Ninety-three percent of Nigerians still save a portion of their income despite rising inflationary pressures which has squeezed incomes, a new survey has shown.
The survey report titled ‘In Pursuit of Value’ by KPMG Nigeria and Ghana highlighted diverse value-seeking behaviours across customer segments.
“In Nigeria, 93 percent of respondents actively save a portion of their income each month, underscoring a resilient culture of saving despite the challenging economic conditions,” the report said.
It said while the percentage of individuals saving over 20 percent of their income has declined by seven percentage points to about 20 percent compared to 2022, there has been a noteworthy 6-percentage point increase in those saving between five to 20 percent of their income.
“This indicates that, despite the decreasing purchasing power of customers, the dedication to preserving and growing their financial resources through saving is enduring.”
The report revealed that in Ghana, 92 percent of respondents affirmed their commitment to saving but only one in five is able to set aside more than twenty percent of their income, signalling that rising costs have eroded disposable incomes.
“In response to this challenge, some Ghanaians have turned to saving in foreign currencies to safeguard the value of their money.”
Nigeria’s inflation rate, which has been in double digits since 2016, increased significantly this year due to the removal of petrol subsidy and the naira devaluation.
This has weakened the purchasing power of cash-strapped Nigerians, put a strain on disposable incomes among households and impacted the operations of many businesses.
Higher petrol prices and foreign exchange costs have continued to cause a spike in the country’s inflation rate.
According to the National Bureau of Statistics, headline inflation rose to 28.2 percent in November, hitting a new 18-year high, from 27.33 percent in October.
As inflation diminishes the purchasing power of the population, we are witnessing a race to preserve the value of investments with individuals actively seeking ways to mitigate risks, according to authors of the KPMG report.
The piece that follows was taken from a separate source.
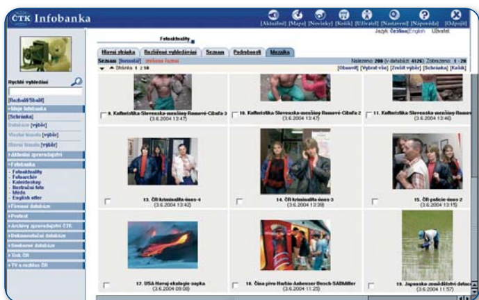
Snadné vyhledávání ve Fotobance podle zadaných kritérií přes internet umožňuje uživatelský přívětivé prostředí Infobanky ČTK.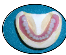
リベース材はムコブレンコンフォートを使用

“People are comparing rates across different providers, seeking higher returns, and even changing the format in which they save. In June 2023, the total balance in domiciliary accounts in Nigeria’s commercial and merchant banks increased by more than a fifth,” they said.
They noted a growing trend of investing in alternative assets as 23 percent of Gen Z customers hold digital currency principally for investment and savings.
“With a decline in purchasing power comes an increased need for credit facilities to meet basic needs. We have observed a steady increase in the number of respondents who consider accessing loans extremely important.”
BusinessDay reported on Thursday that the demand for bank loans by consumers in Nigeria has risen to the highest in nearly four years.
Consumer credit rose by 16.9 percent to N2.99 trillion in August from N2.56 trillion in the previous month, according to the latest data from the Central Bank of Nigeria (CBN). It also rose year-on-year by 23.1 percent from N2.43 trillion in August last year.
“The rise in consumer credit could be attributed to increased demand for credit facilities by economic agents,” the CBN said in the report.